● **EXERCISE PROMPT**:
Copy all records exactly, excluding images.

● **EXERCISE MATERIAL**:
● ● ● ● ●
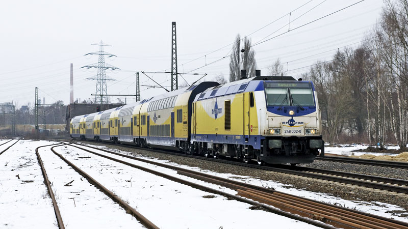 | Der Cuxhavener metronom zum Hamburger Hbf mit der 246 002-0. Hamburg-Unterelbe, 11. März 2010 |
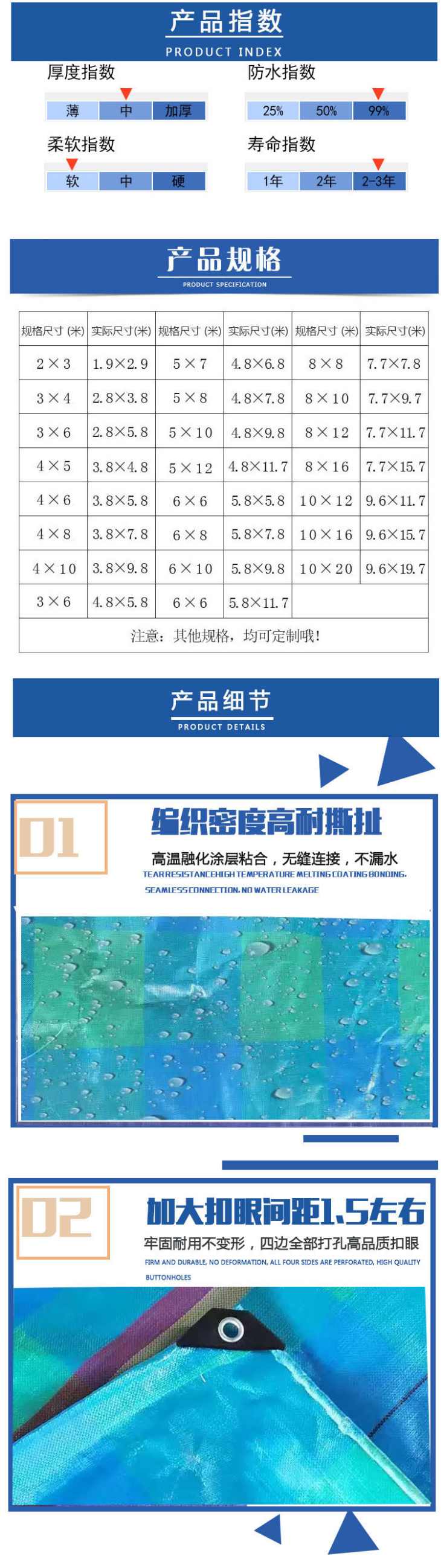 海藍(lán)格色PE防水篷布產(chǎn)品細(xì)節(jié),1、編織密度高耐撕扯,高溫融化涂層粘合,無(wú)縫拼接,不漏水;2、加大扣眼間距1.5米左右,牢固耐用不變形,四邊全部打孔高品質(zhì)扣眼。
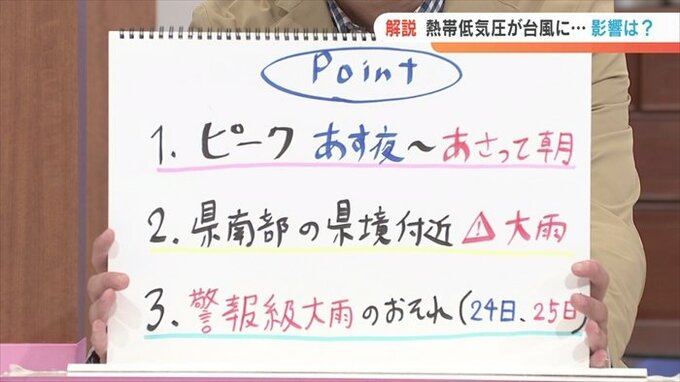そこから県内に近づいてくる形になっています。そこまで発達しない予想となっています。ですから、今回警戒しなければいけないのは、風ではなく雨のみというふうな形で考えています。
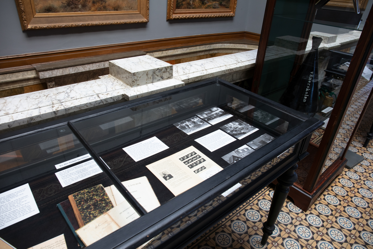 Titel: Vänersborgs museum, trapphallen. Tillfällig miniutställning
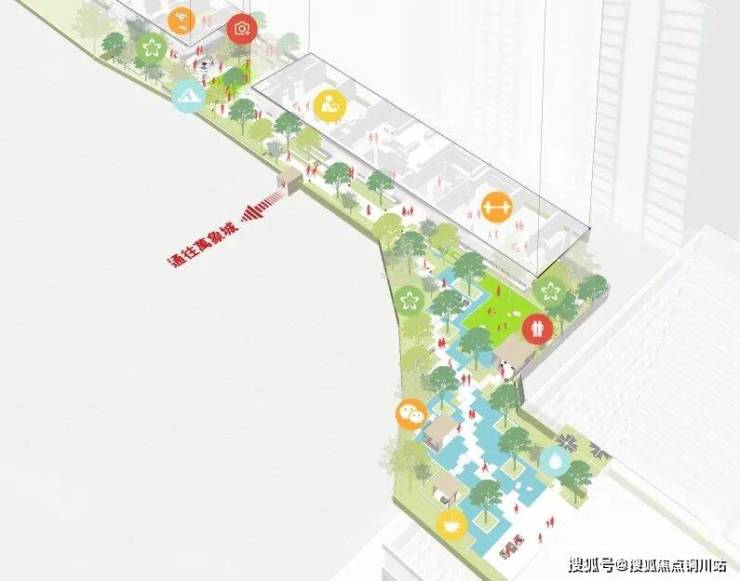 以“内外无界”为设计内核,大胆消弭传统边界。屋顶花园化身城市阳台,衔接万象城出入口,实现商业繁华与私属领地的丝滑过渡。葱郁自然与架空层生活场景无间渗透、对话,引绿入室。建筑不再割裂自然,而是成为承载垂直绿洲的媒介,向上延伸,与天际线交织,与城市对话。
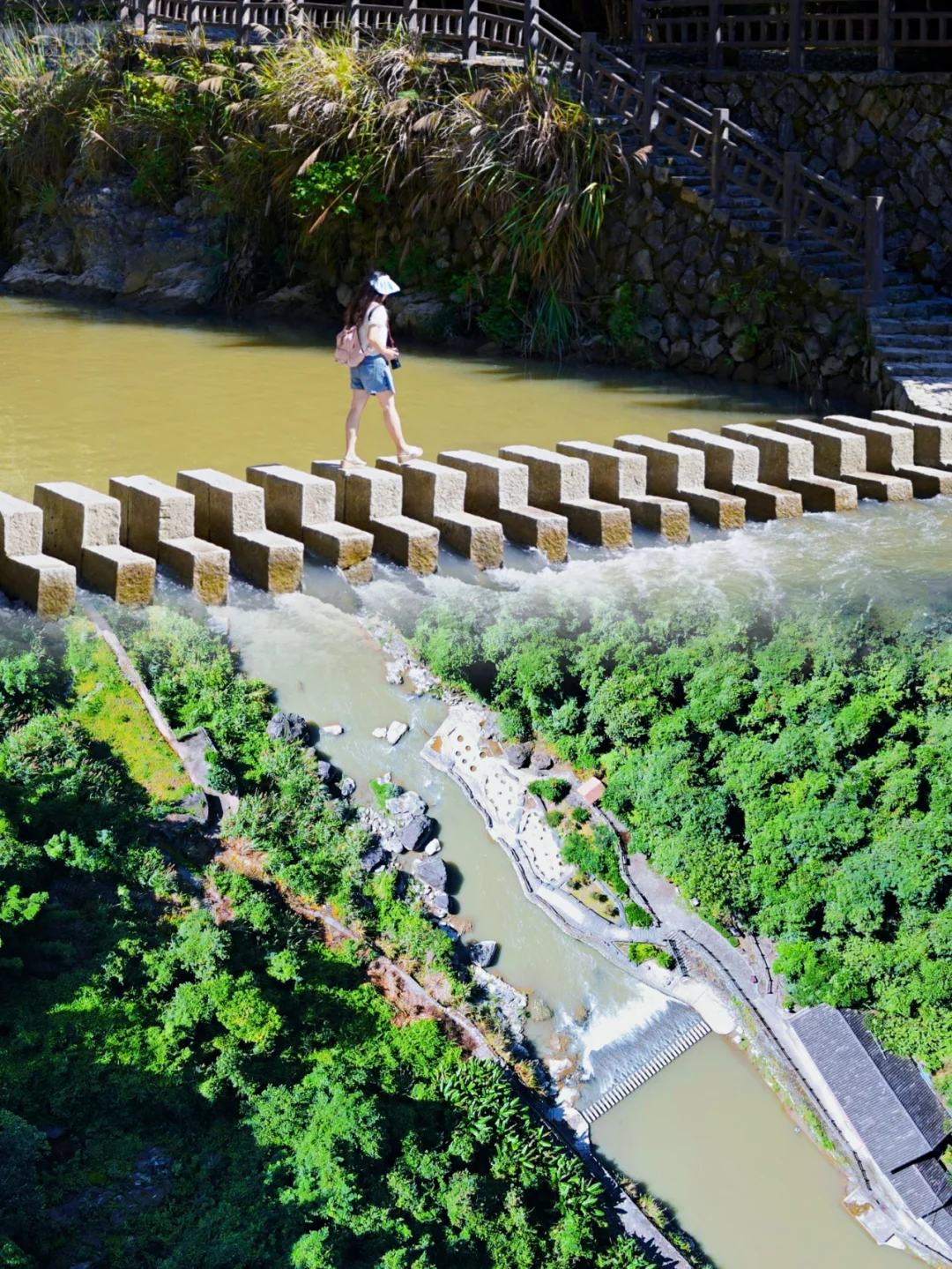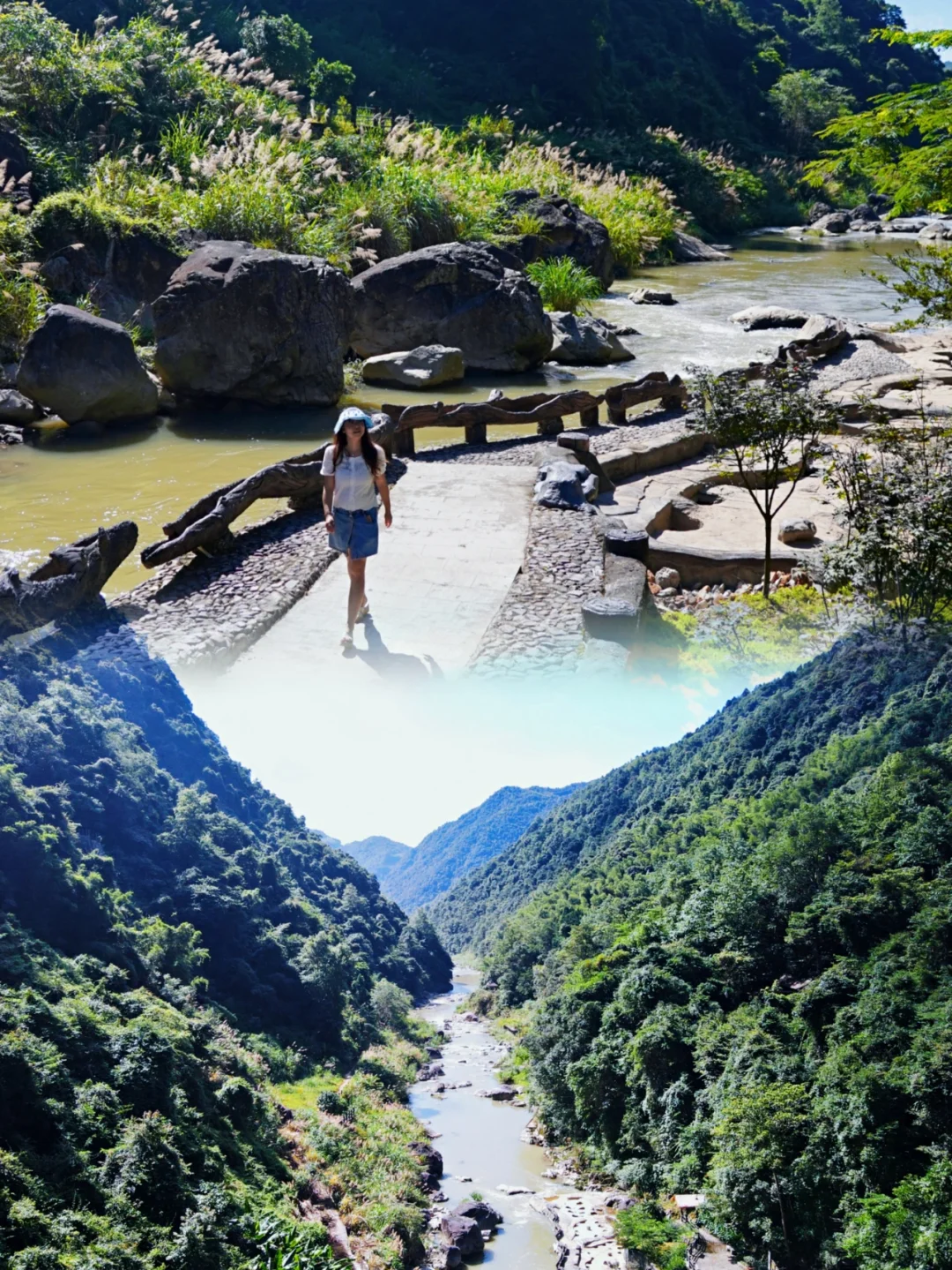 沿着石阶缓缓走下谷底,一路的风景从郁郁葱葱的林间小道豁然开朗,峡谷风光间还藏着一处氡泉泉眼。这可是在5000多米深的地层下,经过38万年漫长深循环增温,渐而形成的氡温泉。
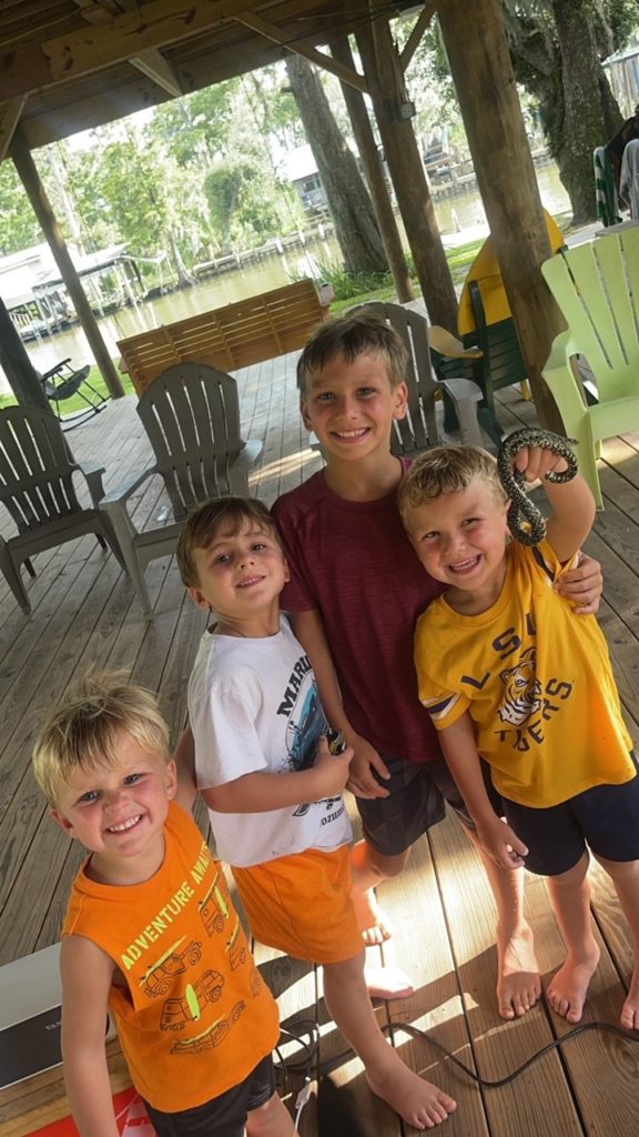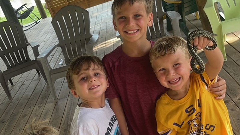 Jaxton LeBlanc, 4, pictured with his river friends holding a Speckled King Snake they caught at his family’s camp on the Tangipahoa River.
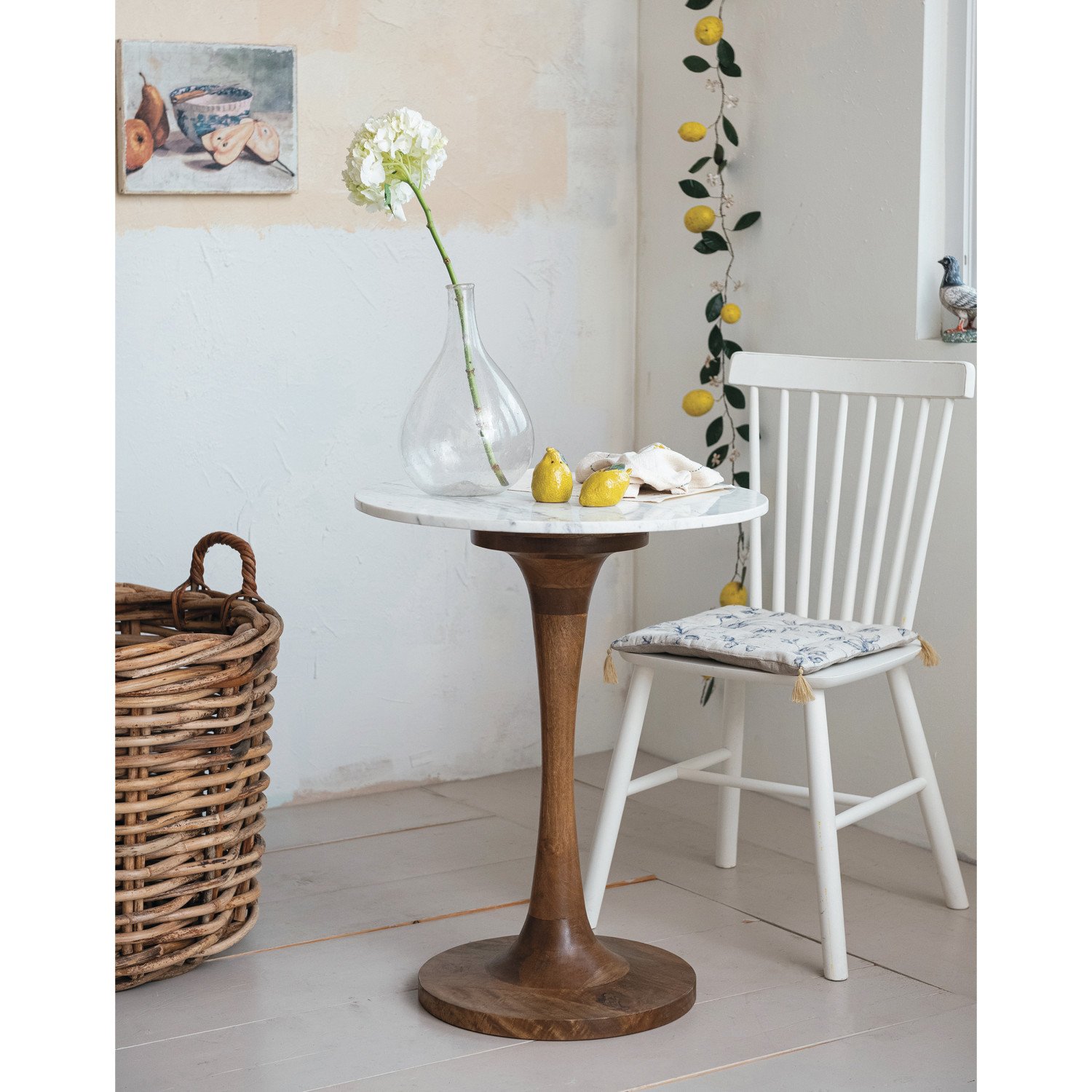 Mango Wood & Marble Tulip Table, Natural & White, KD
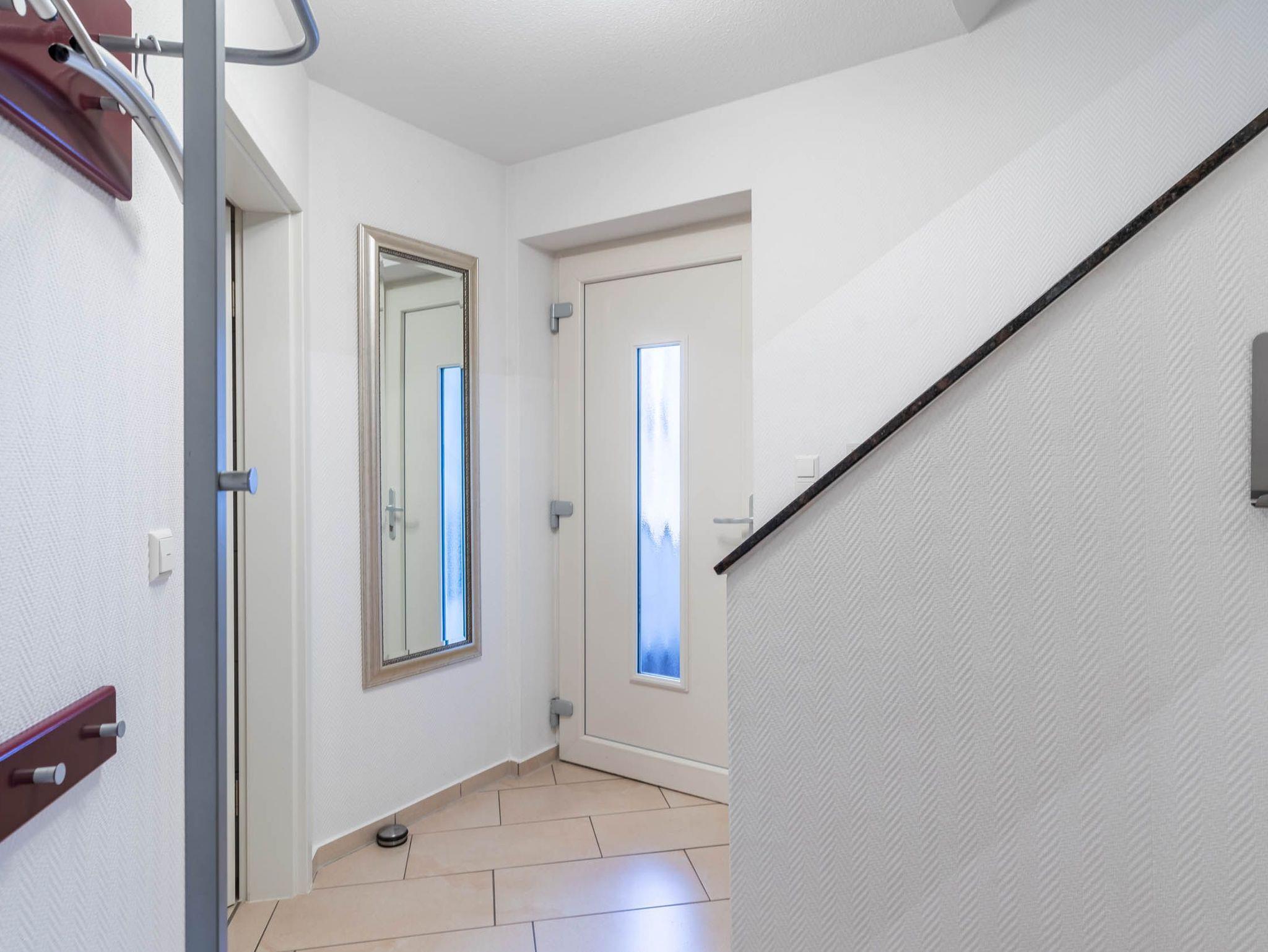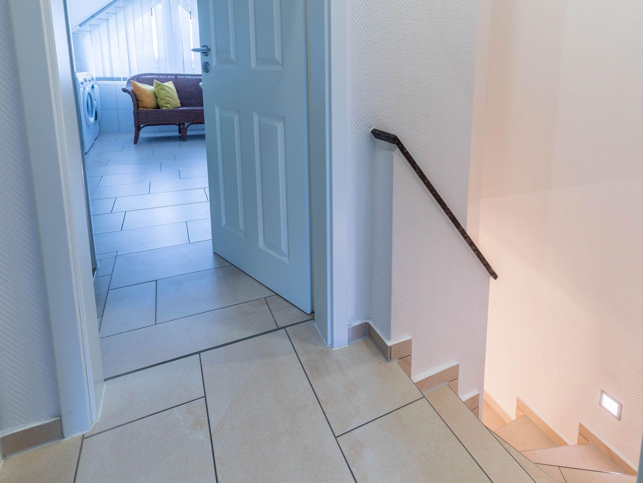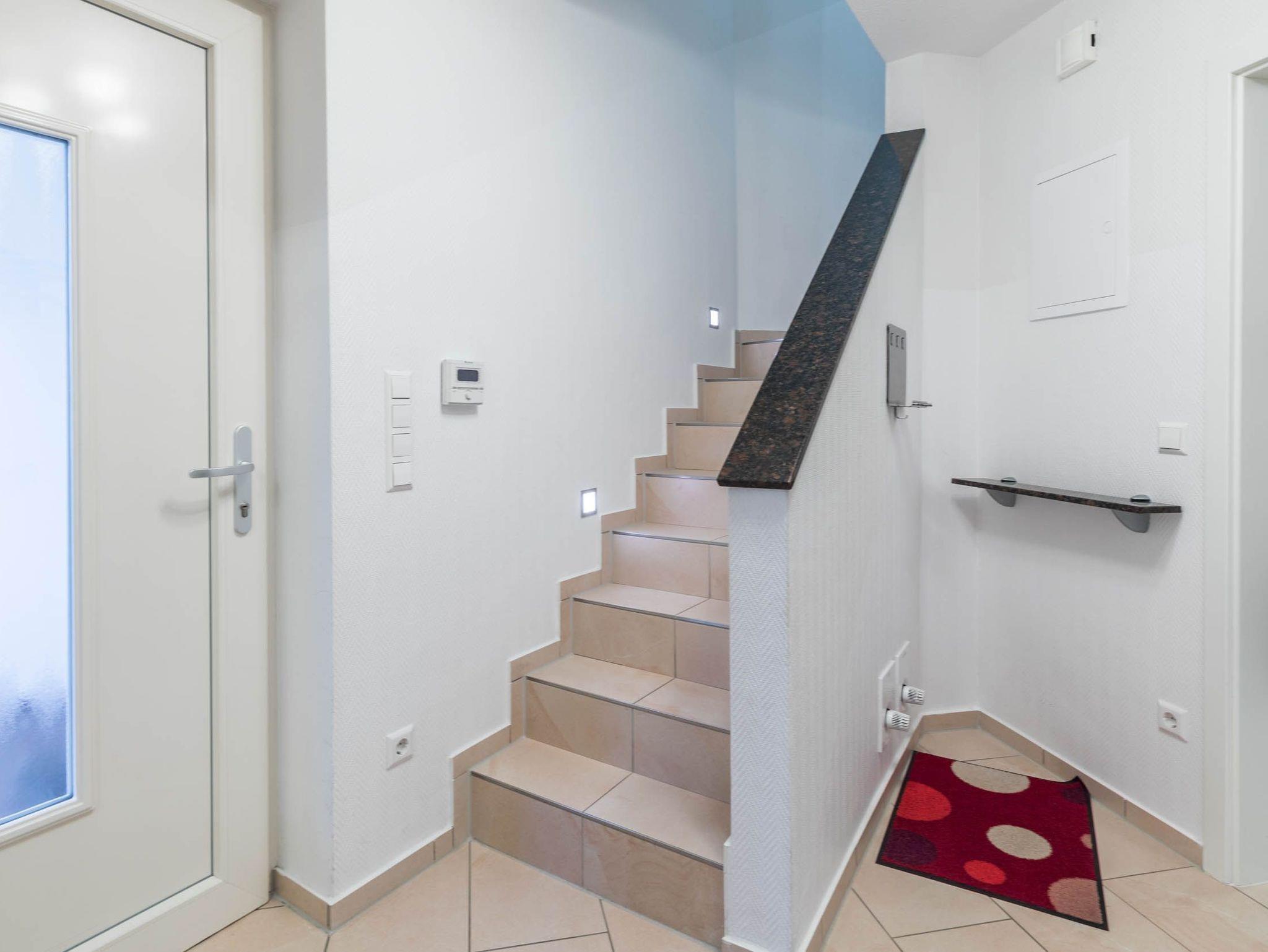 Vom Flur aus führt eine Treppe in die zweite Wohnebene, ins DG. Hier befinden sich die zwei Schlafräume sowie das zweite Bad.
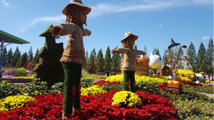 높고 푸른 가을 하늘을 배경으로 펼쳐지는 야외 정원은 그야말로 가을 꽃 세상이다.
● ● ● ● ●
● **ANSWER TO THE EXERCISE**:
 | Der Cuxhavener metronom zum Hamburger Hbf mit der 246 002-0. Hamburg-Unterelbe, 11. März 2010 |
 海藍(lán)格色PE防水篷布產(chǎn)品細(xì)節(jié),1、編織密度高耐撕扯,高溫融化涂層粘合,無(wú)縫拼接,不漏水;2、加大扣眼間距1.5米左右,牢固耐用不變形,四邊全部打孔高品質(zhì)扣眼。
そこから県内に近づいてくる形になっています。そこまで発達しない予想となっています。ですから、今回警戒しなければいけないのは、風ではなく雨のみというふうな形で考えています。
 Titel: Vänersborgs museum, trapphallen. Tillfällig miniutställning
 以“内外无界”为设计内核,大胆消弭传统边界。屋顶花园化身城市阳台,衔接万象城出入口,实现商业繁华与私属领地的丝滑过渡。葱郁自然与架空层生活场景无间渗透、对话,引绿入室。建筑不再割裂自然,而是成为承载垂直绿洲的媒介,向上延伸,与天际线交织,与城市对话。
 沿着石阶缓缓走下谷底,一路的风景从郁郁葱葱的林间小道豁然开朗,峡谷风光间还藏着一处氡泉泉眼。这可是在5000多米深的地层下,经过38万年漫长深循环增温,渐而形成的氡温泉。
 Jaxton LeBlanc, 4, pictured with his river friends holding a Speckled King Snake they caught at his family’s camp on the Tangipahoa River.
 Mango Wood & Marble Tulip Table, Natural & White, KD
 Vom Flur aus führt eine Treppe in die zweite Wohnebene, ins DG. Hier befinden sich die zwei Schlafräume sowie das zweite Bad.
 높고 푸른 가을 하늘을 배경으로 펼쳐지는 야외 정원은 그야말로 가을 꽃 세상이다.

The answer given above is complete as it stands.